Per l'annullamento dell'ordinanza, l'indagato (...) ricorre in Cassazione deducendo violazione di legge, in particolare, rilevando:

— che indebitamente il Tribunale ha utilizzato materiale probatorio che non era ignoto al Giudice al momento della emissione della misura ed ha valutato, in tale modo, risultanze processuali alle quali non avrebbe dovuto avere accesso;

— che i Giudici hanno limitato la loro analisi alla eventuale esistenza del reato senza indagare sulle esigenze cautelari;

— che il periculum in mora era collegato, secondo la impostazione del Giudice delle indagini preliminari, allo scarico nella rete fognaria e, venuta meno tale circostanza, dovevano ritenersi superate le necessità di cautela.

Il Collegio ritiene che le deduzioni non siano meritevoli di accoglimento.

Prima di affrontare le censure del ricorrente, è appena il caso di rilevare come, nei procedimenti incidentali aventi ad oggetto misure cautelari reali, o sequestri probatori, non sia configurabile una piena cognizione del Tribunale del riesame al quale compete solo di valutare se la fattispecie concreta sia sussumibile nell'ipotesi di reato contestato e se permangano le esigenze andoprocessuali della misura.

In base a tale principio, deve concludersi che il Tribunale ha esattamente svolto la funzione di controllo che la legge gli demanda limitata alla verifica della legittimità del vincolo reale senza entrare nel merito della pretesa punitiva che forma oggetto di indagini nel procedimento principale.

Invero i Giudici — dopo avere preso in opportuna considerazione le allegazioni della difesa — hanno ritenuto che l'indagato effettuasse scarichi di acque reflue industriali del suo insediamento produttivo, contenente sostanze pericolose, senza la prescritta autorizzazione. Tanto è sufficiente, nella presente fase cautelare, per ritenere la astratta configurabilità del reato — e di conseguenza non arbitrario il vincolo reale — senza necessità di ulteriori approfondimenti che esulano dai limiti cognitivi di un procedimento incidentale. I Giudici hanno correttamente evidenziato come la circostanza che l'illegittimo sversamento avvenga in fognatura (secondo quanto ritenuto dal Giudice per le indagini preliminare) o in un pozzo a perdere (secondo quanto prospettato da un accertamento dell'Ama successivo alla applicazione delle misura) sia del tutto ininfluente; la fattispecie di reato contestata punisce ogni indebita immissione di acque reflue nel suolo, nel sottosuolo ed in rete fognaria. In tale modo, il Tribunale non ha posto a fondamento delle sua decisione elementi probatori non sottoposti al vaglio del Giudice, ma si è limitato a rilevare che le nuove emergenze non mutano il quadro indiziario.
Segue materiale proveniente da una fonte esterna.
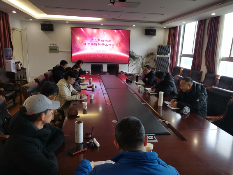 2021年2月25日上午9:00,我院在文辉楼217召开新学期科研工作会议。会议就科学谋划体育学院十四五科研规划听取学院中层干部建议和意见,并就当前科研常规工作进行部署。学院各系正副主任和教研室主任参加了会议。会议由李龙副院长主持。

Le esigenze di cautela sono state correttamente enucleate nella possibilità che l'indagato, nella libera disponibilità dei beni, continui l'attività produttiva con conseguente protrarsi della illecita condotta. Pertanto la conclusione sia sulla configurabilità del reato sia sulle esigenze di cautela è sorretta da apparato argomentativo congruo, completo, corretto.

In tale contesto, il ricorrente formula generiche censure sul fumus commissi delicti prive della necessaria specificità e concretezza. Le residue deduzioni hanno come presupposto, non fondato, che le esigenze di cautela debbano essere correlate allo scarico in rete fognaria; le ricordate esigenze sono state ritenute sussistenti per la possibile reiterazione del reato per la configurazione del quale elemento irrilevante è, come già evidenziato, la immissione in fognatura o in un pozzo a perdere.

 

PQM

 

La Corte rigetta il ricorso e condanna il ricorrente al pagamento delle spese processuali.

Così deciso in Roma, il 11 febbraio 2004.

Depositato in Cancelleria il 23 marzo 2004.